Hi, my name is Alexander! I am a PhD student at Constructor University, Bremen. My research is mainly focused on Deep Learning methods in Natural Language Processing. For the last few years, I have been working on adaptation of diffusion models to discrete domains, such as text or code. I am trying to understand how the text-based latent space differs from the image latent space, and to find ways to minimize this difference. I am very interested in the progress of LLMs and I share what I learn by teaching the NLP course at HSE University and also by writing reviews here.
If you have questions about my work or you just want to chat, please feel free to reach me via email. I will be happy to answer any questions!
Publications
Smoothie: Smoothing Diffusion on Token Embeddings for Text GenerationAlexander Shabalin, Viacheslav Meshchaninov, and Dmitry Vetrov. 2025, preprint.
Diffusion models have achieved state-of-the-art performance in generating images, audio, and video, but their adaptation to text remains challenging due to its discrete nature. Prior approaches either apply Gaussian diffusion in continuous latent spaces, which inherits semantic structure but struggles with token decoding, or operate in categorical simplex space, which respect discreteness but disregard semantic relation between tokens. In this paper, we propose Smoothing Diffusion on Token Embeddings (Smoothie), a novel diffusion method that combines the strengths of both approaches by progressively smoothing token embeddings based on semantic similarity. This technique enables gradual information removal while maintaining a natural decoding process. Experimental results on several sequence-to-sequence generation tasks demonstrate that Smoothie outperforms existing diffusion-based models in generation quality. Furthermore, ablation studies show that our proposed diffusion space yields better performance than both the standard embedding space and the categorical simplex.
Compressed and Smooth Latent Space for Text Diffusion ModelingViacheslav Meshchaninov, Egor Chimbulatov, Alexander Shabalin, Aleksandr Abramov, and Dmitry Vetrov. 2025, NeurIPS.
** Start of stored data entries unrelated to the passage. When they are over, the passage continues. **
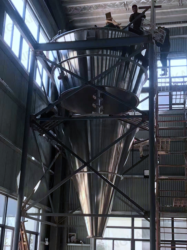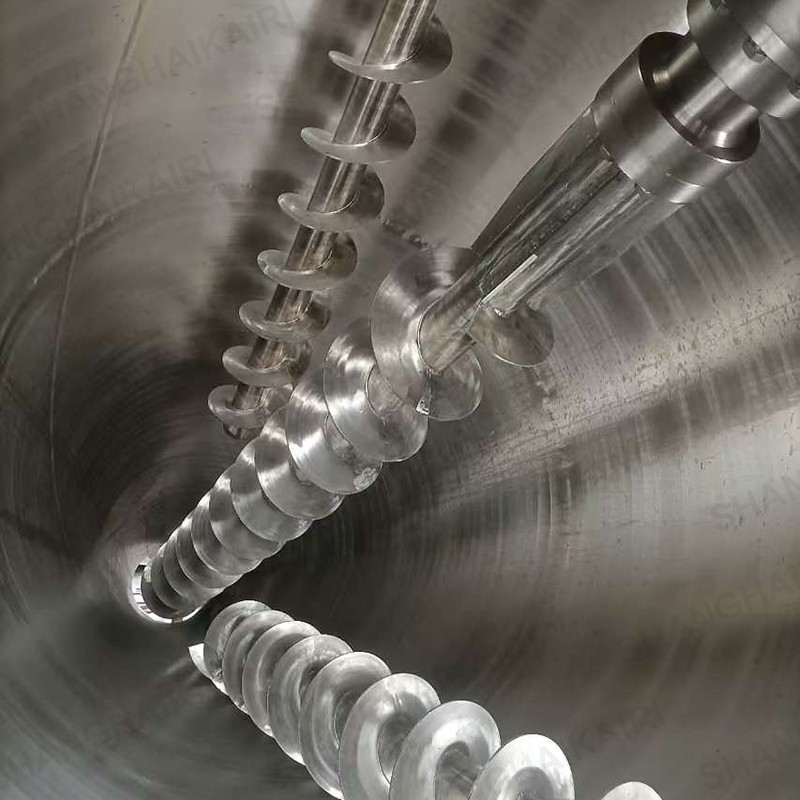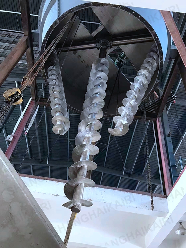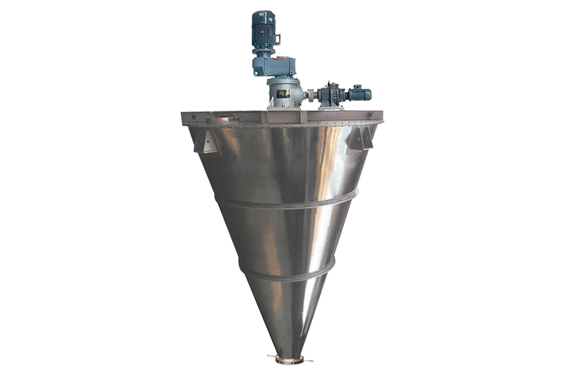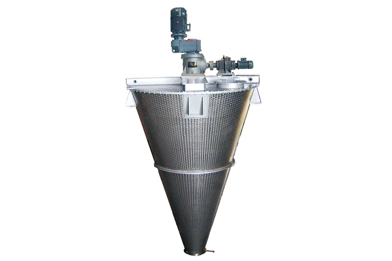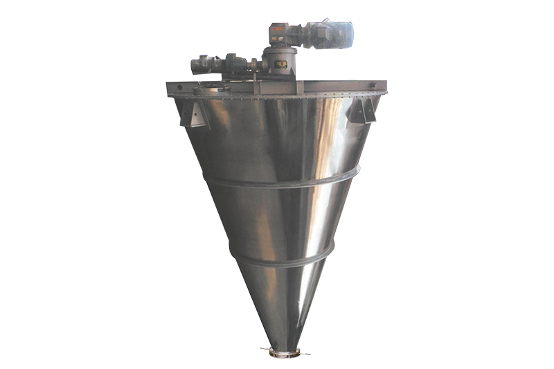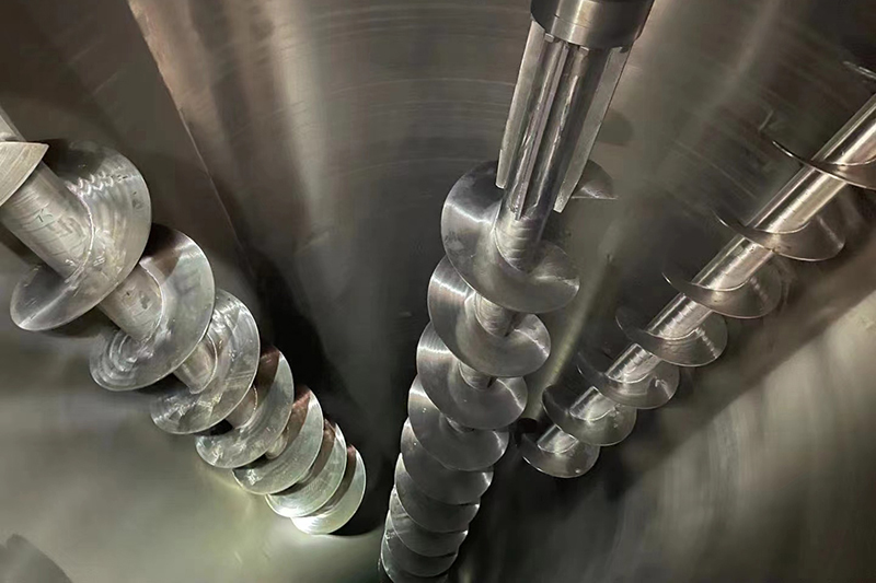 混合机三条螺旋(二条对称排列螺旋及中间一条长螺旋)的快速自转,将物料向上提升,形成三股沿筒壁自下向上的螺柱形物料流,长螺旋运转解决了中间物料混合的盲区及底部死角,
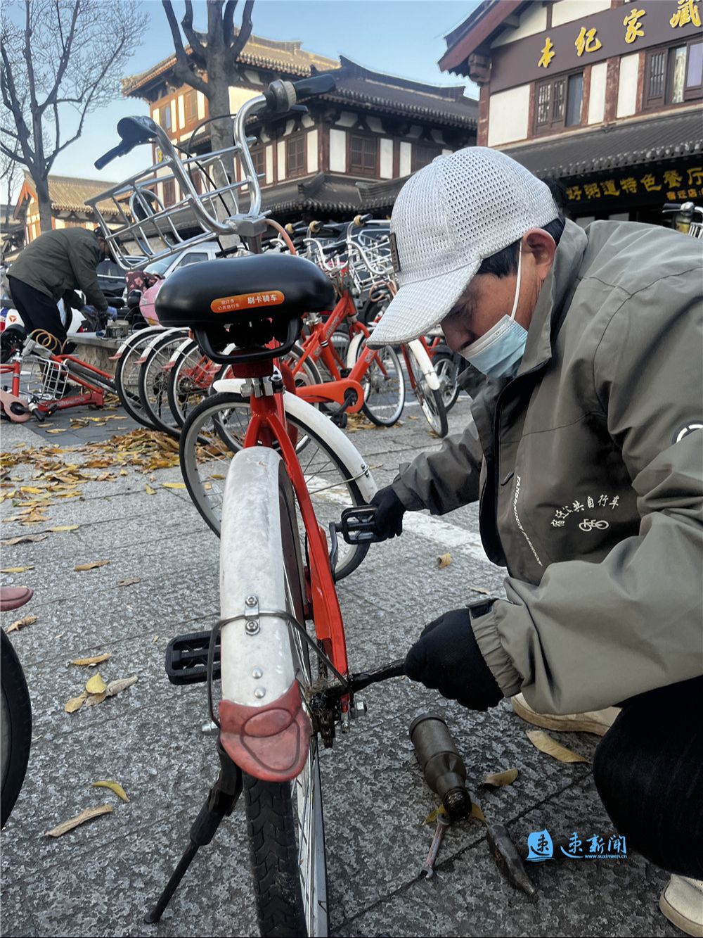 “这辆车的坐垫和车链都有问题,都要换新的。”11月29日上午,在市区项王故里景区附近的一个公共自行车站点,交通科技的工作人员正在为公共自行车进行保养、维修。
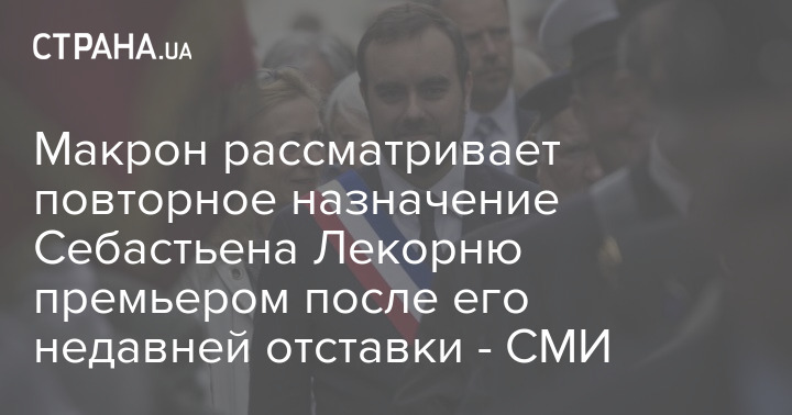 Макрон розглядає повторне призначення Себастьєна Лекорню прем'єром після його недавньої відставки - ЗМІ
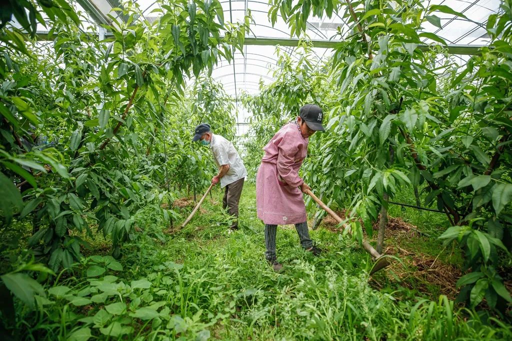 种植的品种,改成了黄金蜜系列、油蟠系列等优质品种。改进种植技术,加大种植行距,实现机械化作业。这几年,园内陆陆续续建了七八个联栋冷棚,“不仅可以规避雨水,还可以把黄桃上市的时间提前一周左右,价格也高20%到30%。”
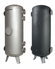 Akkumulatortank for kjølemediesystem i rustfritt stål, sinkmalt på utsiden.
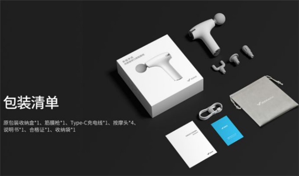 包装盒内采用塑料造型承装筋膜枪的所有物品,主机和附件均有独立的凹槽进行存放,物品之间不会产生摩擦,而且在包装盒内的固定相当牢固。

Autoregressive language models dominate modern text generation, yet their sequential nature introduces fundamental limitations: decoding is slow, and maintaining global coherence remains challenging. Diffusion models offer a promising alternative by enabling parallel generation and flexible control; however, their application to text generation is hindered by the high dimensionality of token-level representations. We introduce Cosmos, a novel approach to text generation that operates entirely in a compressed, smooth latent space tailored specifically for diffusion. This space is learned using an autoencoder trained simultaneously for token-level reconstruction and alignment with frozen activations from a pretrained language encoder, providing robust semantic grounding and enabling effective perturbation-based augmentations. Empirically, we demonstrate that text representations can be compressed by 8× while maintaining generation quality comparable to token-level diffusion models. Furthermore, increasing the latent sequence length allows Cosmos to surpass both diffusion-based and autoregressive baselines. We evaluate Cosmos on four diverse generative tasks including story generation, question generation, summarization, and detoxification and compare it with various generative paradigms. Cosmos achieves comparable or superior generation quality while offering more than 2× faster inference.
TEncDM: Understanding the Properties of the Diffusion Model in the Space of Language Model EncodingsAlexander Shabalin, Viacheslav Meshchaninov, Egor Chimbulatov, Vladislav Lapikov, Roman Kim, Grigory Bartosh, Dmitry Molchanov, Sergey Markov, and Dmitry Vetrov. 2025, AAAI (oral).
This paper presents the Text Encoding Diffusion Model (TEncDM), a novel approach to diffusion modeling that operates in the space of pre-trained language model encodings. In contrast to traditionally used embeddings, encodings integrate contextual information. In our approach, we also employ a transformer-based decoder, specifically designed to incorporate context in the token prediction process. We conduct a comprehensive examination of the influence of the encoder, decoder, noise scheduler, and self-conditioning on zero-shot generation. Furthermore, we compare TEncDM with previous approaches on three conditional text generation tasks: QQP, XSum, and Wiki-Auto. The results show that TEncDM exhibits superior performance compared to existing non-autoregressive diffusion models.
[Re] “Towards Understanding Grokking”Alexander Shabalin, Ildus Sadrtdinov, and Evgeniy Shabalin. 2023, MLRC (outstanding paper honorable mention).
In this work, we attempt to reproduce the results of the NeurIPS 2022 paper "Towards Understanding Grokking: An Effective Theory of Representation Learning". This study shows that the training process can happen in four regimes: memorization, grokking, comprehension and confusion. We first try to reproduce the results on the toy example described in the paper and then switch to the MNIST dataset. Additionally, we investigate the consistency of phases depending on data and weight initialization and propose smooth phase diagrams for better visual perception.